Or, il advint qu’une épidémie terrible désola la contrée. Tous les jeunes gens furent frappés, et le plus grand nombre faillit en mourir.
Les symptômes du fléau étaient terrifiants. Le cœur cessait de battre, la tête se vidait, le moribond s’abêtissait. Les jeunes hommes, pareils à des pantins ridicules, se promenaient en ricanant, en achetant des cœurs à la foire, comme les enfants achètent des bâtons de sucre d’orge. Quand l’épidémie s’attaquait à de braves garçons, le mal se manifestait par une tristesse noire, une désespérance mortelle. Les artistes pleuraient d’impuissance devant leurs œuvres, les amants inassouvis allaient se jeter dans les rivières.

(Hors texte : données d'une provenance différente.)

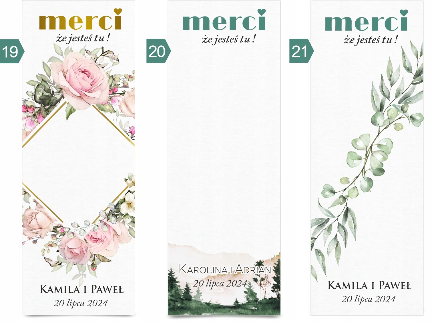- Надішліть нам свої персональні дані (вибір ВИЗЕРУНОК, імена, дата, можливий текст подяки, якщо він має відрізнятися від напису "MERCI, що ви тут")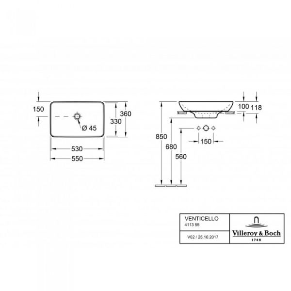 Раковина накладная Villeroy Boch Venticello 36 x 55.5 см 41135501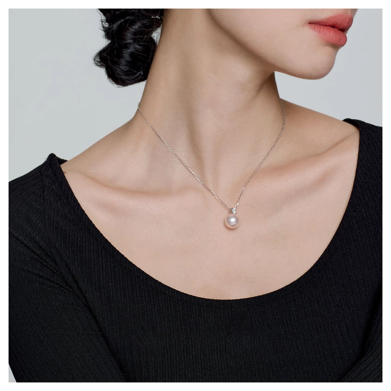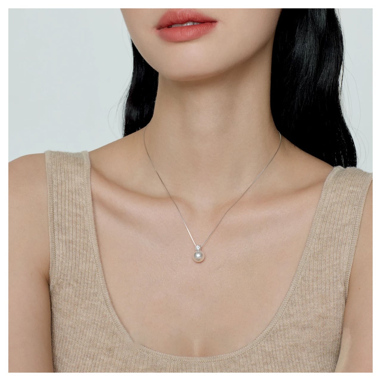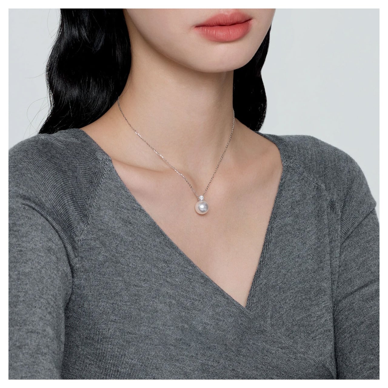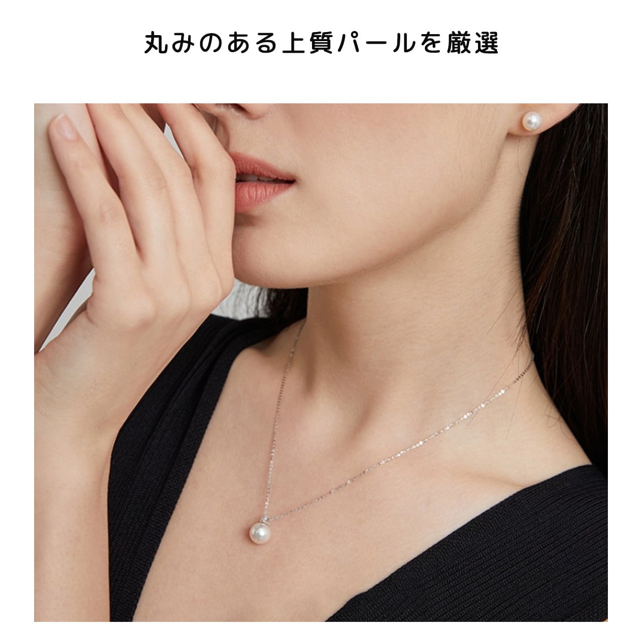 大粒のパールが首元に存在感を与え、単品でも十分な印象を与えます。重ね付けの手間なしに、洗練された高級感を纏えます。

Vous pensez que la belle enfant sut se distinguer, en cette circonstance grave. Elle établit des ambulances, elle soigna les malades nuit et jour, usant ses lèvres à fermer les blessures, remerciant le ciel de la grande tâche qu’il lui donnait.
Elle fut une providence pour les jeunes hommes. Elle en sauva un grand nombre. Ceux dont elle ne put guérir le cœur, furent ceux qui n’avaient déjà plus de cœur. Son traitement était simple : elle donnait aux malades ses mains secourables, son souffle tiède. Jamais elle ne demandait un payement. Elle se ruinait avec insouciance, faisant l’aumône à pleine bouche.
Aussi les avares du temps hochaient-ils la tête, en voyant la jeune prodigue disperser de la sorte la grande fortune de ses grâces. Ils disaient entre eux :
– Elle mourra sur la paille, elle qui donne le sang de son cœur, sans jamais en peser les gouttes.